Action item
Repeat the lines below exactly as written, please, from the line with "预计未来三天喀什各地晴间多云" to the line with "Колодки тормозные керамические, передние", both lines included, and no others.

Input records
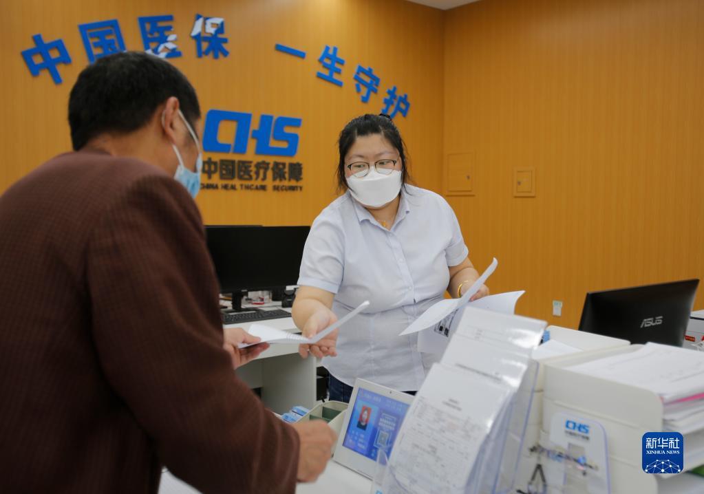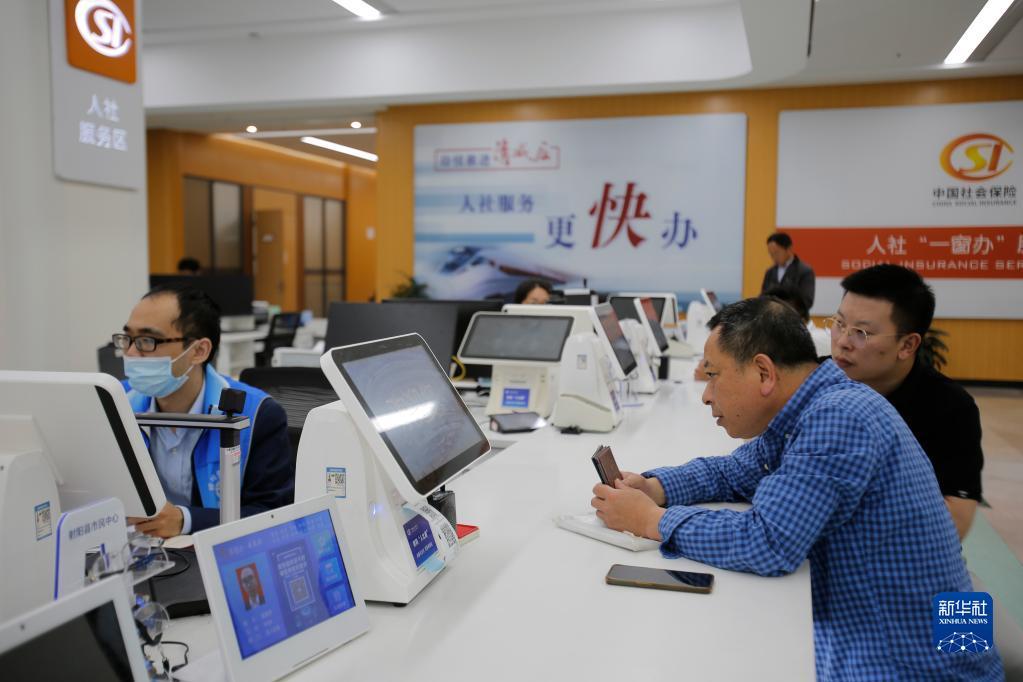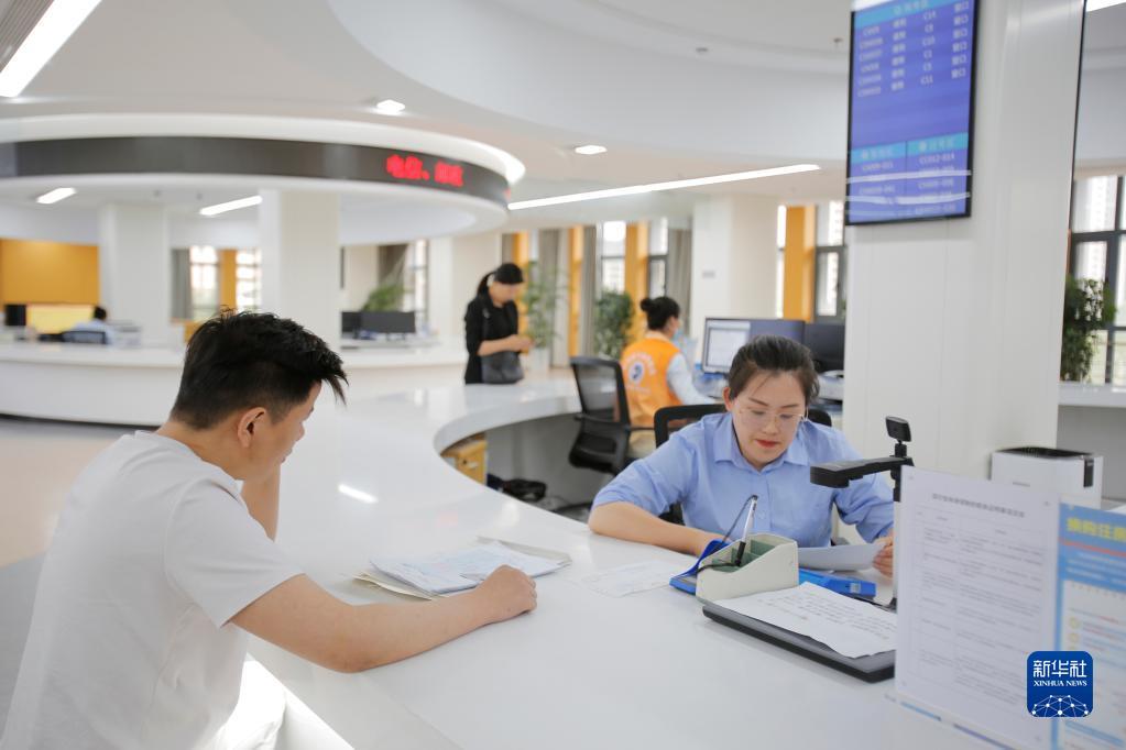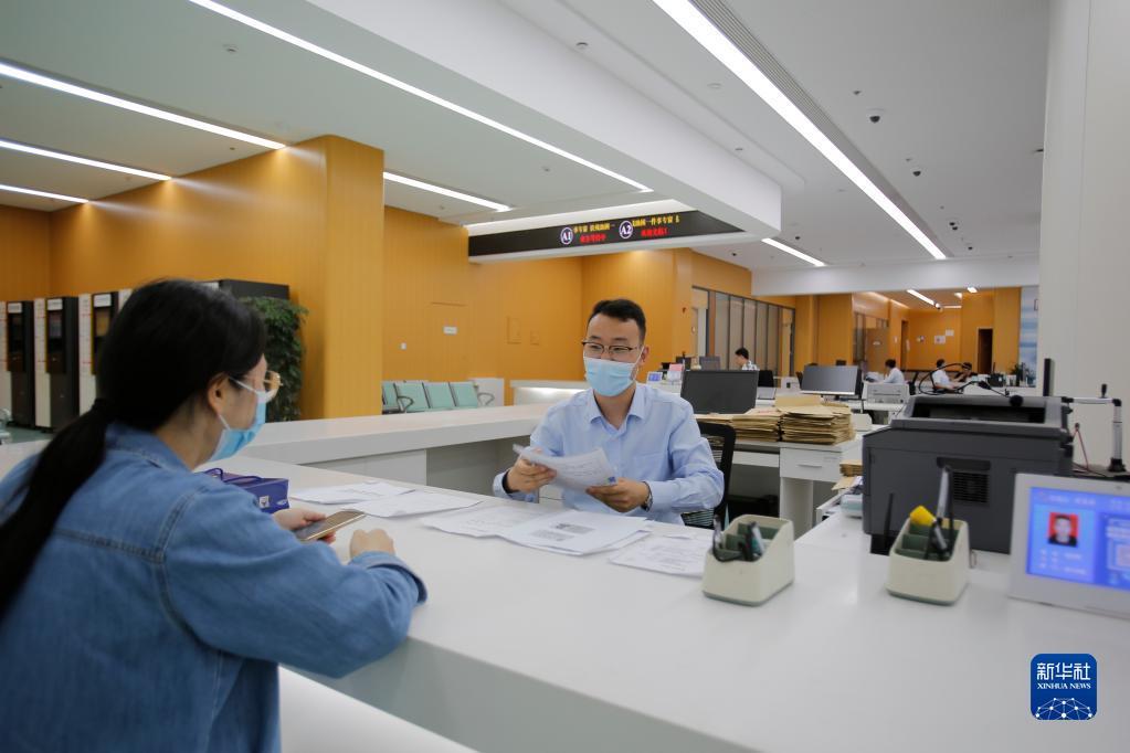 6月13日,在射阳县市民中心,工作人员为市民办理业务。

...

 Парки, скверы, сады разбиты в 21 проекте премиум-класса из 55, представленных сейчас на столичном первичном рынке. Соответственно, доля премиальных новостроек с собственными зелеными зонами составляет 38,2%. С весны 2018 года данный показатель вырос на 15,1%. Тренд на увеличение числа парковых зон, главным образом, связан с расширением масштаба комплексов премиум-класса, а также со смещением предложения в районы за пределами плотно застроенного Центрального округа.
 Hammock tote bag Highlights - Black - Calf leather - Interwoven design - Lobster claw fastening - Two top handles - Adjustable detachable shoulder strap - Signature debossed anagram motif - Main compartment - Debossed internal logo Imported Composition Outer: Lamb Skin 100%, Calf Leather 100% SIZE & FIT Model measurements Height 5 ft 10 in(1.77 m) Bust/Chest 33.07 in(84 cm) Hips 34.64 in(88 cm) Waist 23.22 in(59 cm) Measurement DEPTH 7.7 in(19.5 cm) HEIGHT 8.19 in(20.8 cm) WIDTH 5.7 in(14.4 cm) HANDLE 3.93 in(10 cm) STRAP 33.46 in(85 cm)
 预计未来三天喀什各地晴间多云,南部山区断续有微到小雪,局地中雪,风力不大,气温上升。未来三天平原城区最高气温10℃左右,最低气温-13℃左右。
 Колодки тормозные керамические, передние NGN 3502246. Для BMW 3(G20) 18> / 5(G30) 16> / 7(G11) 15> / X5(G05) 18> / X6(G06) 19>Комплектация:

Written answer
 预计未来三天喀什各地晴间多云,南部山区断续有微到小雪,局地中雪,风力不大,气温上升。未来三天平原城区最高气温10℃左右,最低气温-13℃左右。
 Колодки тормозные керамические, передние NGN 3502246. Для BMW 3(G20) 18> / 5(G30) 16> / 7(G11) 15> / X5(G05) 18> / X6(G06) 19>Комплектация:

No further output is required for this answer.